Every week through December, 46 American writers some famous, some obscure will serve as the jumping-off point for a look at American history, from the pilgrim experience through the Vietnam War.
This journey is more than metaphorical. "American Writers" will roam the nation, with each program airing live from a historic site somehow tied to that week's featured scribe.
On Monday, the tour begins at Plimoth Plantation in Plymouth, Mass., where the 1620 Mayflower Compact of Gov. William Bradford is the focus. (This and subsequent two-hour programs begin at 8 a.m. CST, repeated the following Friday at 7 p.m.)
"It's a way to look at American history through the lens of writers who either shaped the course of our nation, influenced it, chronicled it, or reflected upon it," executive producer Mark Farkas said.
This makes "A Journey Through History" a natural extension of C-SPAN's day-to-day fare, adds Susan Swain, the network's executive vice president.
"We have a basic belief that people who study history with us (on this series) will gain some more context for the day-to-day events in the political world," she says.
Each of the 38 broadcasts, many of them moderated by Swain or C-SPAN founder Brian Lamb, will gather scholars and other guests to help place the work and writer in historical context. Providing physical context will be the on-location site be it founding father Thomas Jefferson's Monticello estate or Marina Del Rey, Calif., home of 20th century objectivist Ayn Rand's institute.

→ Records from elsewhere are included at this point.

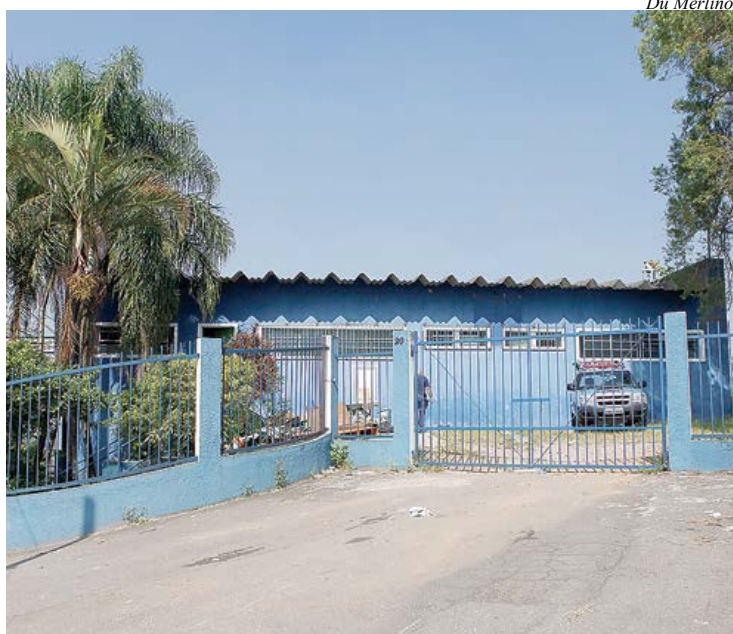
Mudança trará mais segurança na divisa com São Paulo

Alteração visa oferecer melhores condições de trabalho e combater ações criminosas na entrada da cidade
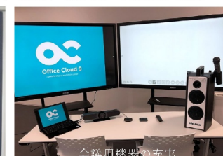
会議用機器の充実
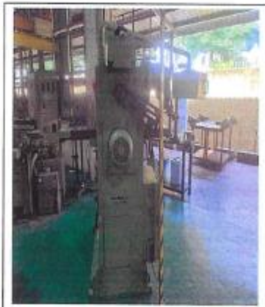
1.1 PANDANGAN BELAKANG
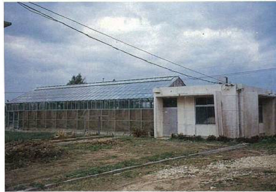
◀農業試験場ガラス温室
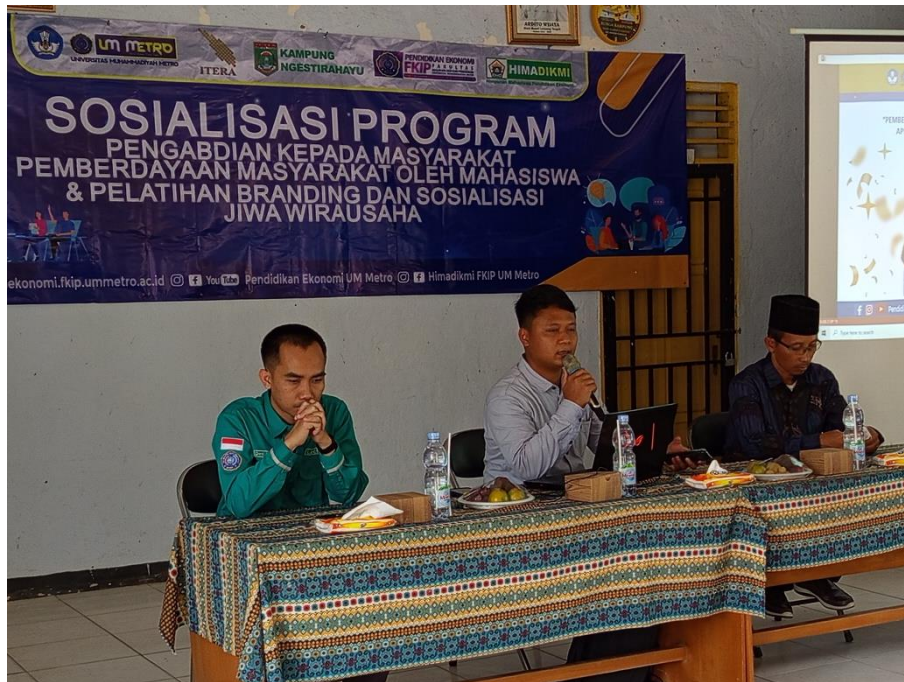
Gambar 2. Sosialisasi Program

Langkah pertama dalam pelaksanaan program kegiatan branding produk KWT adalah penyampaian sosialisasi oleh ketua tim pengabdian. Sosialisasi disampaikan kepada peserta untuk memberikan Gambaran program dan konsep pelatihan sebagai pengetahuan awal.

As a Melville devotee, she was among those on C-SPAN's selection committee who fought to have him and "Moby Dick" included. But the collective will of this group and of C-SPAN's outside consultants decided otherwise: However distinguished as a storyteller, Melville wasn't a major player in the American narrative.
Was Ernest Hemingway? Or was he done in by his expatriate leanings? C-SPAN gave Poppa the nod. He and his novel "The Sun Also Rises" will share the bill October 1 with F. Scott Fitzgerald and "The Great Gatsby."

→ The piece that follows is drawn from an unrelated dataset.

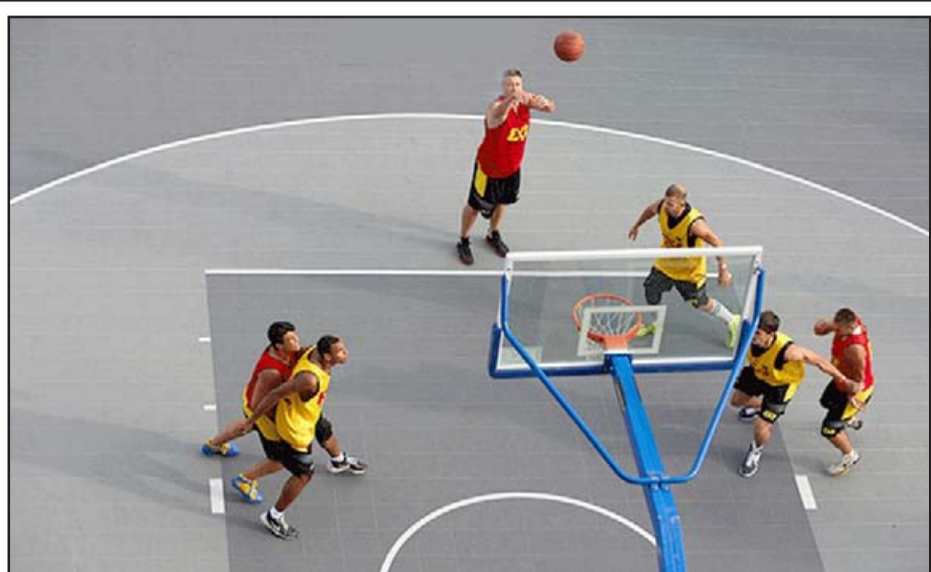
El retorno del básquetbol local se produciría en una primera instancia en un torneo modalidad 3 x 3 (foto referencial).

Who to represent World War II triggered another round of give-and-take. Was Joseph Heller the signal voice, lampooning war in "Catch-22"? Or fellow novelist Norman Mailer, author of the gritty "The Naked and Dead"?

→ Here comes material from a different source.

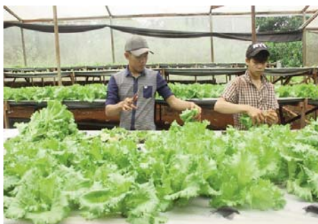
Cắt rau thủy canh tại vườn

Mô hình trồng rau sạch bằng phương pháp thủy canh hồi lưu ở xã Bình Sơn, huyện Phú Riềng, Bình Phước là trồng trực tiếp vào vỉ xốp thay vì trồng dưới đất như những loại rau khác, phía dưới là lớp mùn cưa. Khi nảy mầm, rau được đưa lên luống, có hệ thống phun tưới tự động "2 trong 1", không sử dụng thuốc bảo vệ thực vật và phân hóa học.

No, the choice was war correspondent Ernie Pyle, whose Pulitzer Prize-winning newspaper columns were collected in the 1943 volume "Here Is Your War."
Unlike Hemingway or Benjamin Franklin or Mark Twain, not all of C-SPAN's writers are household names.
On July 9, the chosen writer isn't technically even a writer. Black Elk, a member of the Oglala Sioux tribe who fought in the Battle of Little Big Horn, recounted his life story to the man who wrote the 1932 book "Black Elk Speaks."
"There are people here, including Black Elk, who I know nothing about," says Swain, who looks forward to a lot of reading in the next 10 months.
She hopes the audience will join her as she hits the books that chart C-SPAN's journey and will argue with her about them. "We're trying to encourage a healthy debate in this country," she says, "so we're kind of happy if there's an aspect of controversy."